Cuando llegamos, a Amy solo se le permitió ver a su hermano a través de la ventana. Para nuestro asombro, ella se animó de inmediato. Lo saludó y le habló, sabiendo que él no la podía escuchar, pero queriendo hacer el intento de todas formas. La vi sonreír por primera vez en mucho tiempo.
Noté que había dos pestañas pegadas a la mejilla de Amy. Esperando que contribuyera a su sentido renovado de positivismo, y sin que me importara si ella pensaba que era estúpido, se las quité de su mejilla con mi pulgar. Luego le pedí que pidiera un deseo, esperando que me rodara los ojos y que siguiera hablando con Michael. En vez de eso, me sonrió de nuevo. Cerró sus ojos, pensó por un momento y luego sopló las pestañas tan fuerte como pudo. Observó a su hermano de inmediato y sonrió. No necesitaba preguntarle qué fue lo que había deseado.
Pasaron un par de semanas, y la condición de Michael mejoró. Fue totalmente inesperado e inexplicable; simplemente empezó a mejorar. Pero el alivio que nos trajo su mejoría no duró mucho. Su condición se deterioró poco después de eso. Era lo que Dawn y yo sabíamos que iba a pasar, pero para lo que aún no estábamos preparados. Nuestro hermoso hijo falleció el 3 de mayo de 2015.
Dawn y yo nos sentíamos devastados. Obviamente. Pero Amy estaba inconsolable. Cuando supo de la mejoría de Michael, se había metido en la cabeza que iba a continuar mejorando. Se rehusó a creer que había tomado un giro para peor. Luego, cuando le explicamos que había muerto, lo único que hizo fue gritar. Gritó y lloró por días.
Un mes más tarde, cuando la realidad de la vida sin Michael finalmente había sido procesada, y los tres estábamos regresando paulatinamente a nuestras rutinas normales, me propuse que sería mi meta el ser más activo en la vida de Amy. No había estado ni ausente ni había sido distante, pero quería ser una fuerza de positividad y apoyo para mi hija. Después de un trauma como ese, era lo que ella necesitaba. Me aseguré de que estuviera viendo al psicólogo de la escuela, y programé una sesión de terapia familiar para la semana siguiente. Estaba determinado a no dejar que nuestra tragedia familiar marcara a Amy más de lo debido.

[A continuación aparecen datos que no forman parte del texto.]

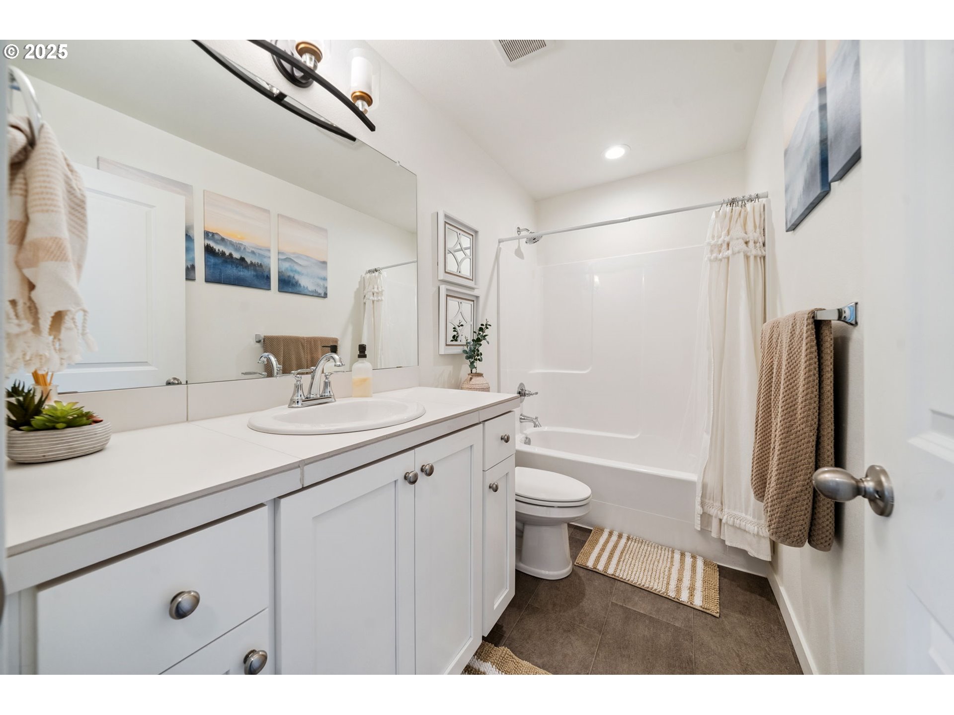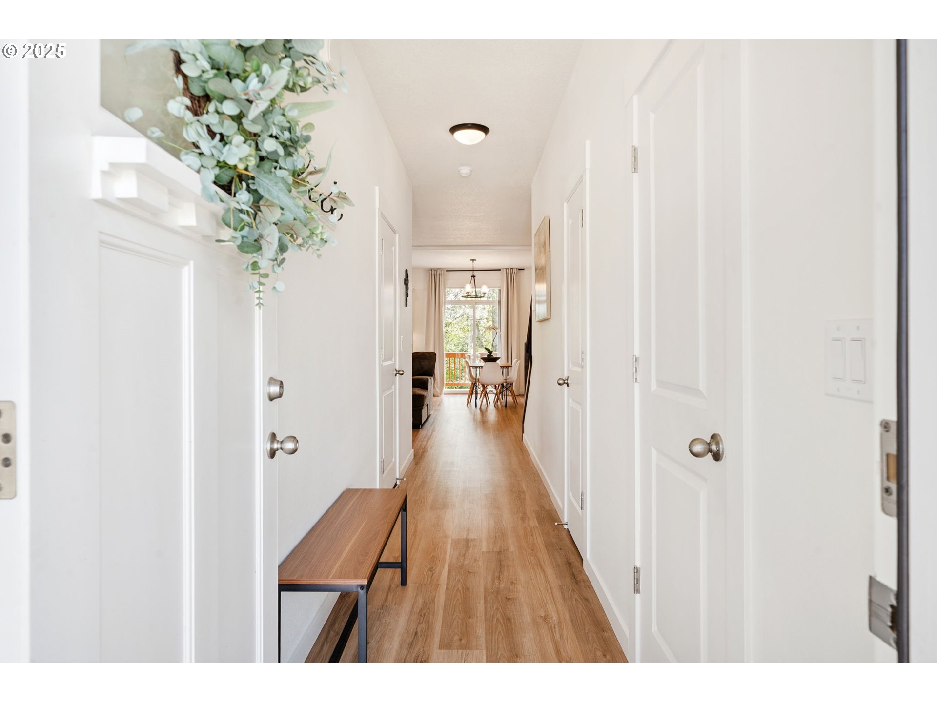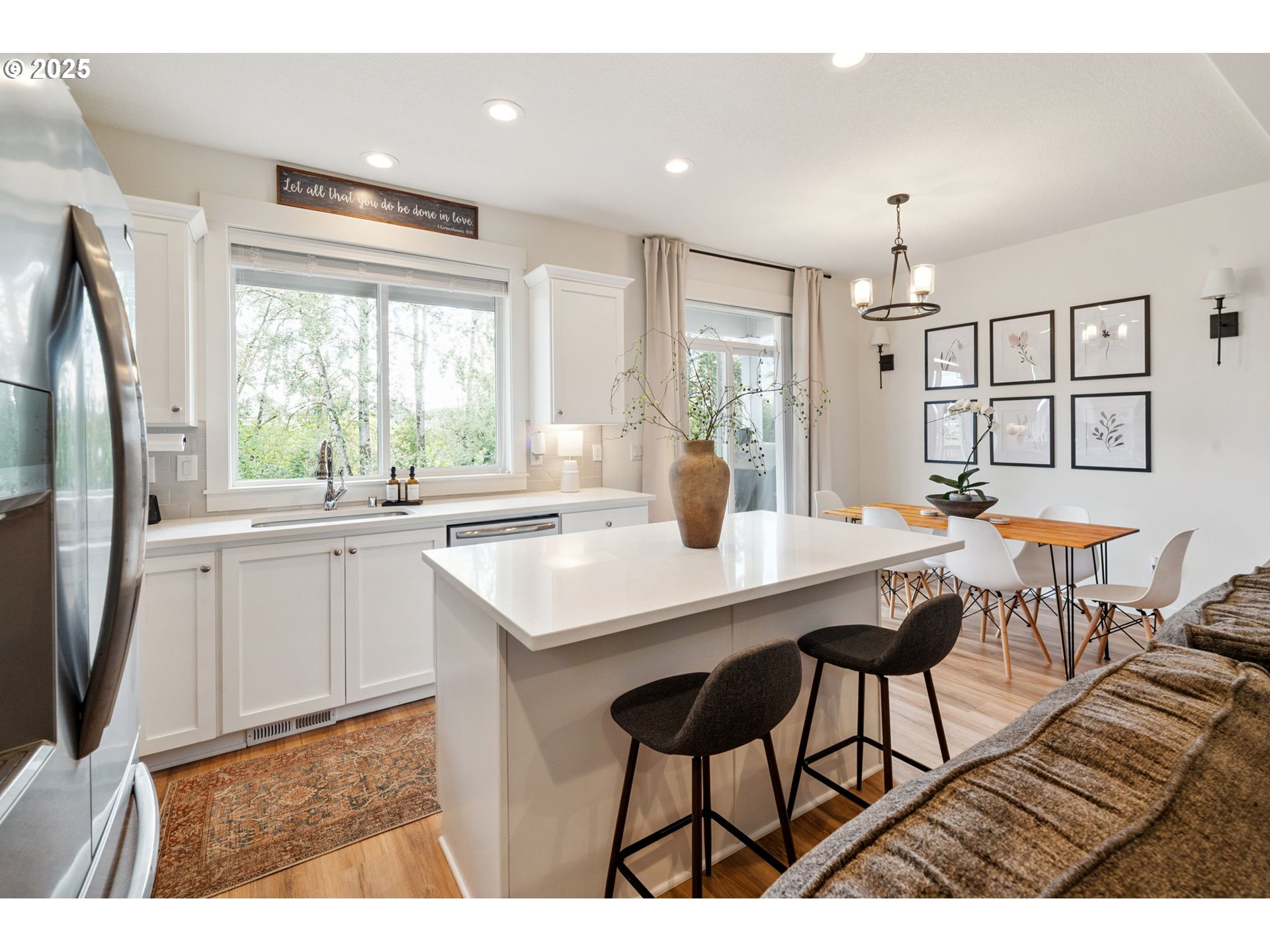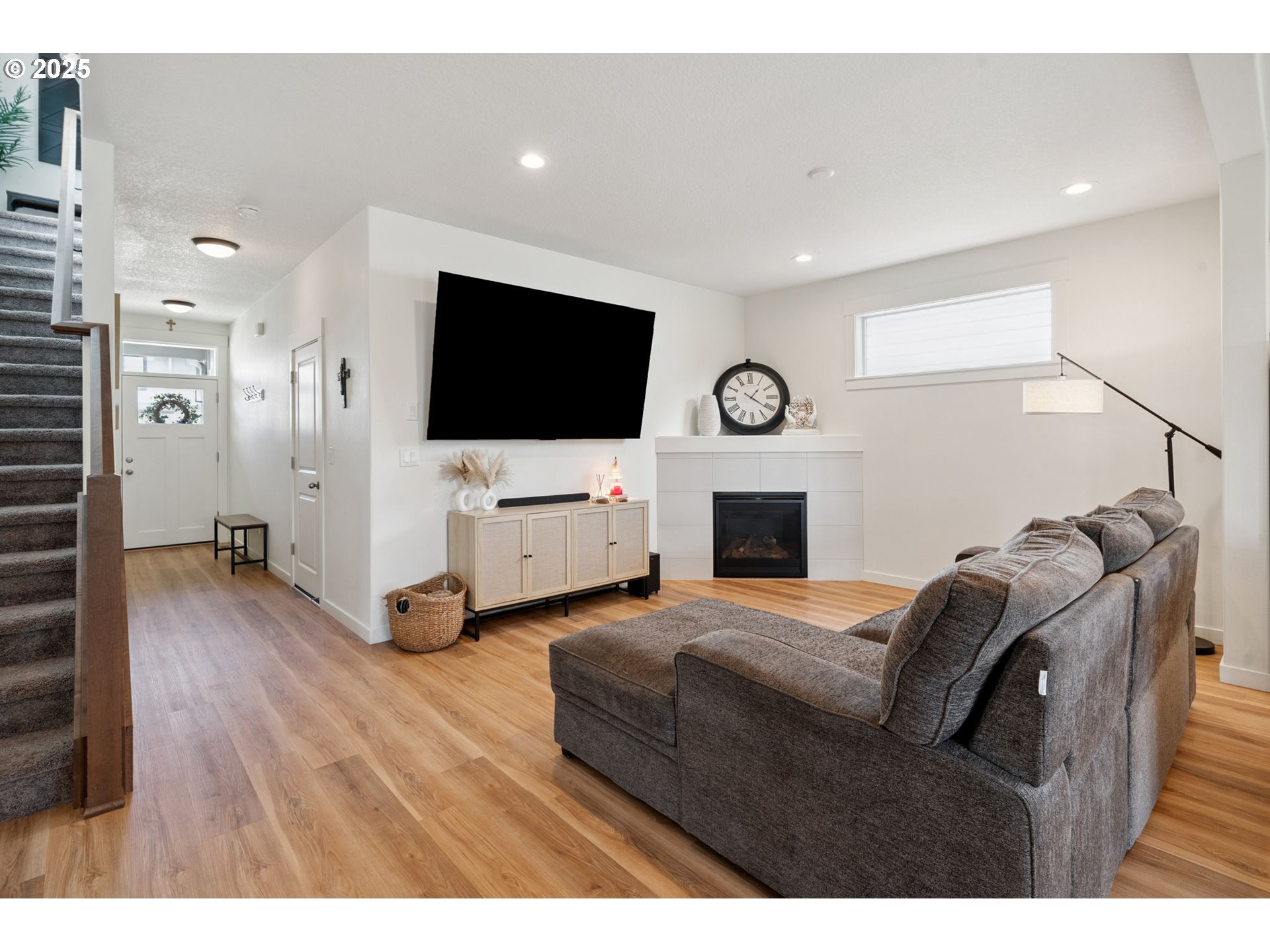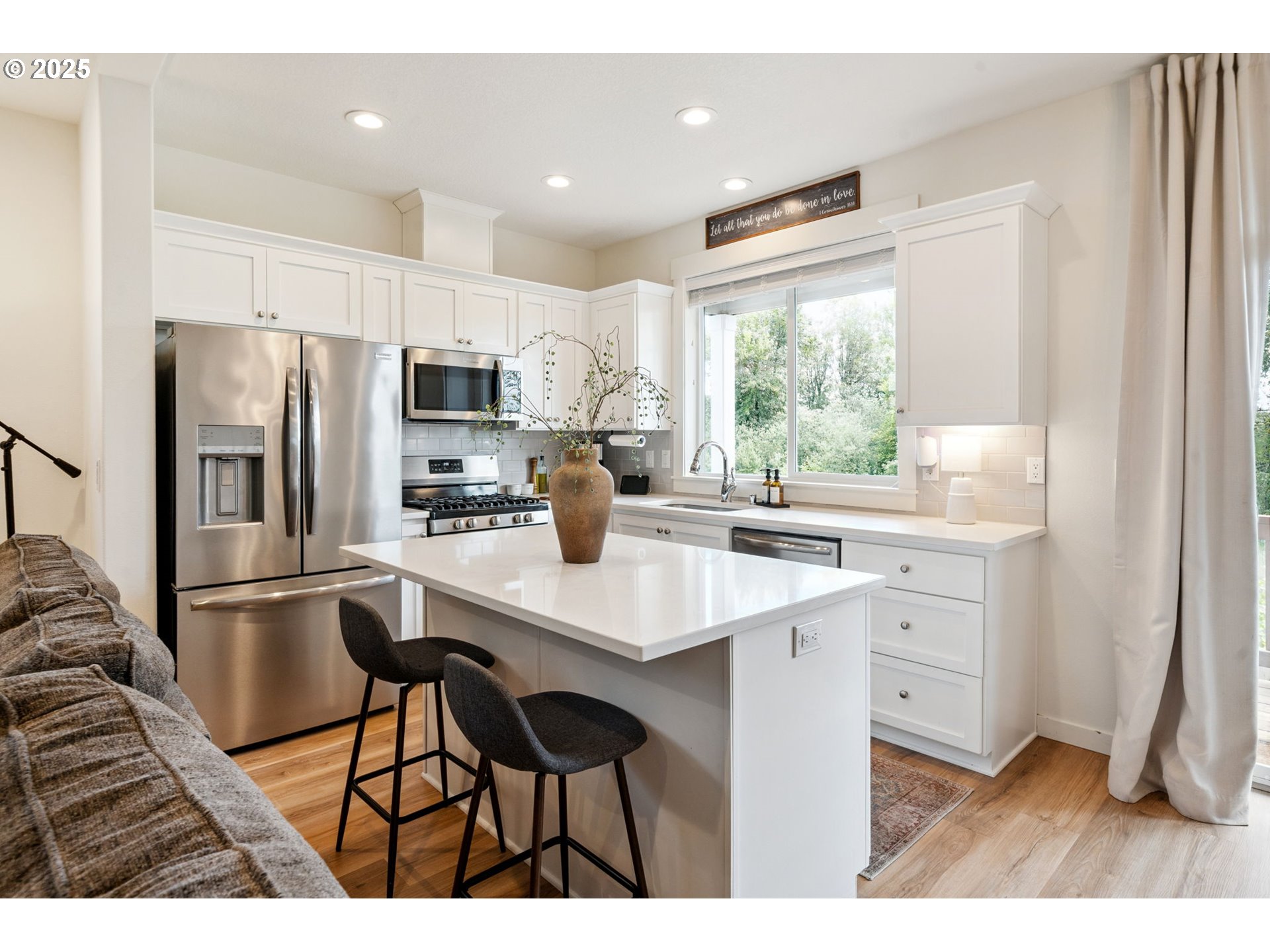 Welcome to this wonderful home community surrounded by open green space, a neighborhood park, and serene walking trails. Located near Costco, In-N-Out, coffee shops, and a variety of restaurants, this home offers both comfort and convenience. The home features a stylish kitchen with quartz countertops, painted cabinetry, and stainless steel gas appliances. Enjoy the spacious open-concept great room, complete with a gas fireplace and elegant tile surround. Durable and stylish luxury vinyl plank flooring extends throughout the main level. The generous primary suite includes a walk-in closet and a spa-inspired bathroom with dual sinks and a custom tiled shower. Additional highlights include fully wrapped interior windows, brushed nickel hardware, and upscale modern lighting throughout. Step out onto the covered back deck and take in the tranquil views of the adjacent habitat conservation area.

La noche previa a nuestra sesión de terapia, un tiempo después de que me había quedado dormido, me desperté ante Amy parada a un lado de mi cama. Podía escucharla llorando. Le pregunté si quería dormir conmigo esa noche, pero no me contestó. Entre sus sollozos, podía sentir su aliento sobre mi cara. El llanto continuó.
—¿Te encuentras bien, cariño? —le pregunté, buscando torpemente el interruptor de la lámpara vieja a un lado de mi cama, hasta que finalmente la encendí. Dejé escapar un grito ahogado.
El rostro de Amy estaba bañado en sangre. Me estaba observando fijamente con sus ojos abiertos de par en par, con una combinación de terror y furia. Tenía su mano a la altura de su boca. A medida que mis ojos se adaptaron al brillo de la lámpara, me exalté. Dawn se despertó con una sacudida y gritó.
En las manos de Amy había dos pedazos sangrientos de piel con cabello saliendo de ellos. Continuaba mirándome con enojo mientras sollozaba. No, me di cuenta de que no era con enojo. El pánico floreció dentro de mi pecho y se me dificultó la respiración. Piel andrajosa goteaba sangre por los ojos de Amy mientras ella le soplaba alientos calientes y alarmados a las pestañas amputadas que se encontraban en su palma. Las pestañas se mecieron en el aire húmedo.
—No dejé de desear que Michael regresara —se lamentó—. Pero no sirvo para esto. ¿Podrías ayudarme a desear? ¿Por favor?